Canadian Parents must perform the balancing act when it comes to saving for
retirement and their children's future

TORONTO, Sept. 23 /CNW/ - Nearly one-in-four (22 per cent) Canadian parents with children under 18 are saving equally for their own retirement and their children's post-secondary education, according to a new poll commissioned by Edward Jones Canada. However, seven out of 10 parents are choosing one over the other - or none at all.

Fifteen per cent of parents with children under 18 at home are favouring their child or children's education over their own savings, putting aside little or nothing for their retirement. On the other hand, nearly three out of 10 (26 per cent) parents are primarily saving for retirement and only saving a little for post-secondary school for their child or children. Another 26 per cent say that they are not saving for retirement or for their child or children's post-secondary education.

"While we are pleased to see that a number of Canadian parents understand the importance of saving for both their own long-term financial needs, as well as their children's, we are concerned that a large number of parents seem to be choosing one over the other" says Michelle Kay-Scott, senior retirement planning specialist for Edward Jones Canada. "Anyone balancing these two hugely important financial goals - education and a comfortable retirement - needs to be sure that they are clear about what kind of financial planning is needed to achieve both of these goals."

According to CanLearn, an online Government of Canada resource, in 2015 an average year of tuition will cost more than $12,000 for those who stay at home and more that $21,000 for students that choose to move away from home.
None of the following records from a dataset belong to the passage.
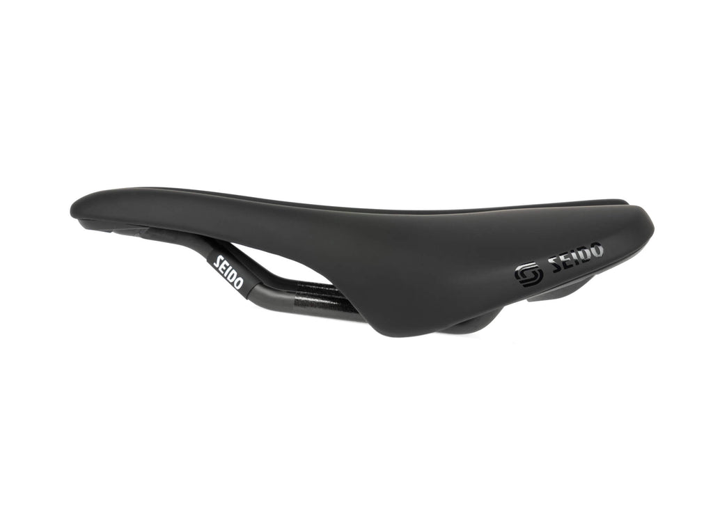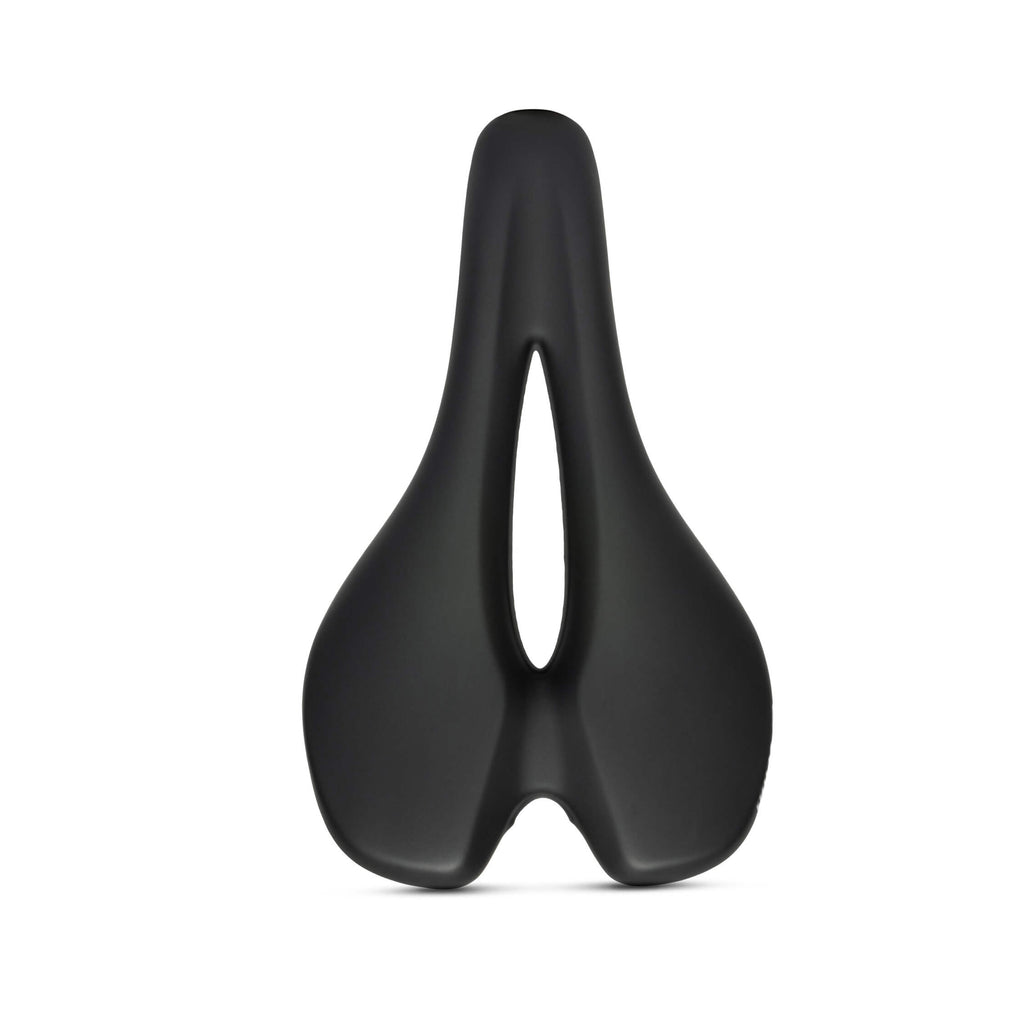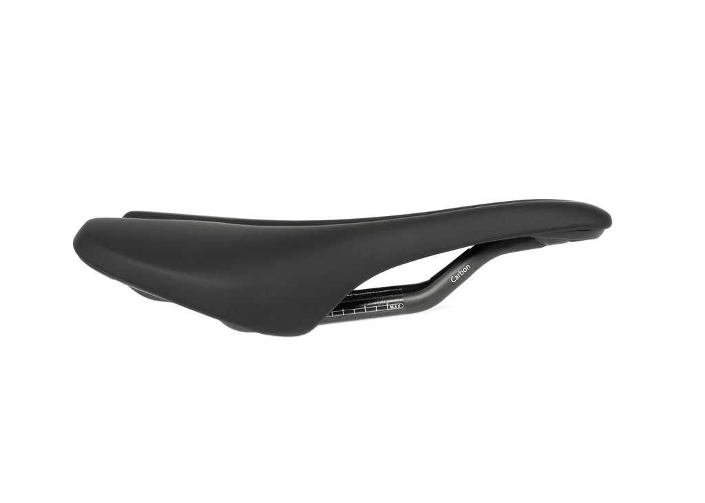 Reaktiver Sattel mit weitem durchgehendem Ausschnitt, leichten Carbon Streben und kurzer Nase für eine sportive Position.
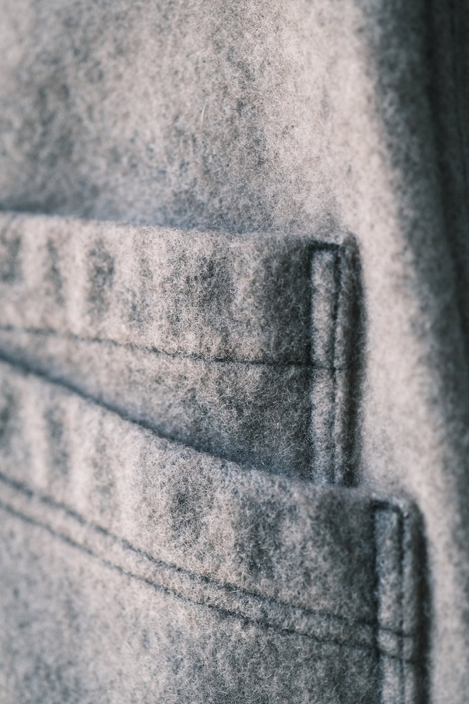 そちらにウール素材を当て込んでいるわけですが、元々は現物よりも130%ほど大きい作りになっておりそれを強縮絨させることでメルトンのような厚みを持たせています。
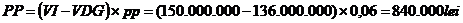 41. Calculati pierderea posibila (riscul) in cazul unei banci care a imprumutat un client pentru cumpararea unui autoturism in urmatoarele conditii: valoarea imprumutului, VI, 150 120 milioane lei; valoarea garantiei, VG, 170 130 milioane lei; rata de diminuare a garantiei, rg, 20% 25%; probabilitatea de realizare a pierderii, pp, 6% 5 %. Alegeti varianta corecta de raspuns dintre variantele enumerate mai jos.
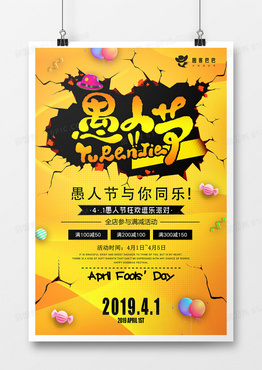 黄色撕裂效果愚人节节日海报设计
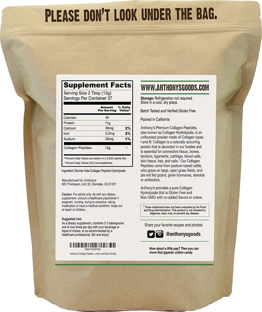 Anthony's Collagen Peptide Powder, 1Lb, Pure Hydrolyzed, Gluten Free, Keto and Paleo Friendly
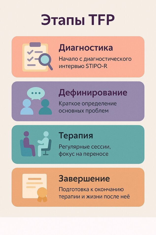 [p] [p]Какие этапы проходит клиент в TFP-терапии — от диагностики до завершения? Рассказываю, как метод работает с глубинной структурой личности, а не только с симптомами. Подходит при ПРЛ, нарциссических чертах и повторяющихся кризисах в отношениях. TFP (Transference-Focused Psychotherapy) — это психодинамический метод, разработанный специально для глубинной работы с расстройствами личности. Он особенно эффективен при пограничной и нарциссической организации, когда человек сталкивается с эмоциональной нестабильностью, страхом близости, резкими сменами самооценки и повторяющимися кризисами в отношениях. В отличие от поддерживающей терапии, метод TFP направлен на трансформацию самой структуры личности, а не только на смягчение симптомов. Это делает его подходящим при работе с клиентами, у которых выявлены признаки пограничной организации личности, а также при диагностированных случаях ПРЛ (пограничного расстройства личности) и нарциссического расстройства. Перед началом терапии проводит

Tuition is expected to increase an average of $2,000 to $3,000 every five years. For those who decide to pursue a 4-year honours degree away from home in 2015, the cost could be approximately $84,000.

Meanwhile, when it comes to retirement, Edward Jones suggests that it's a prudent idea for investors to assume that they'll likely need between 70 and 90 per cent of pre-retirement income to maintain a current standard of living in retirement.

"When you look at the numbers, it means some careful planning is required. It is not enough to passively put away money each month and hope for great returns - it means really staying on top of your portfolio and balancing financial needs with the right financial choices. It also means working with an expert to lay out clear goals," says Kay-Scott.

She offers the following tips to help parents balance:

Define your financial goals, and create a financial plan based on these - In trying to achieve your goals, ensure that your investments are appropriate for your needs and risk tolerance, and that your portfolio is properly diversified. Education funding may be a shorter-term goal than retirement planning, and assets should be allocated accordingly. Investors should speak to an expert to determine what suits their individual portfolio.

Set-up RESPs for your children - To keep up with the rising costs of tuition, parents can contribute to a Registered Education Savings Plan (RESP) that offers tax benefits and great growth potential with contributions from the Government of Canada.

Save for your retirement in a designated account, such as an RRSP - Just as your money needs to grow to fund your child's education, you have to do the same for your retirement. An RRSP is a great retirement savings vehicle that allows savings to grow while sheltered from taxes.

"Planning is the key to financial success - a financial plan is like a road trip, unless you know where you are going, you are not going to reach your destination," says Kay-Scott. "Just as you would before you hit the road, map out your goals, and create a plan of how you'll get there. Your financial advisor can help you do this."

    About Edward Jones

Edward Jones is a full-service investment dealer with one of the largest branch networks in Canada. It is a member of the Investment Industry Regulatory Organization of Canada and the Canadian Investor Protection Fund, and a participating organization of the Toronto Stock Exchange. Including its affiliates, Edward Jones serves more than 7 million individual investors in Canada, the U.S. and the United Kingdom from more than 10,000 locations.

Edward Jones Limited does business in the Canada as Edward Jones and is a wholly owned subsidiary of Edward D. Jones & Co. LP, a Missouri limited partnership. Edward D. Jones & Co. LP does business in the United States as Edward Jones and is a wholly owned subsidiary of The Jones Financial Companies, LLLP, a limited liability limited partnership.

The Canadian survey results are based on a telephone survey of 2,348 nationally representative adults with retirement savings between July 27 and August 13 by Leger Marketing. A sample of this size will provide results that can be considered accurate within plus or minus 2 per cent, 19 times out of 0.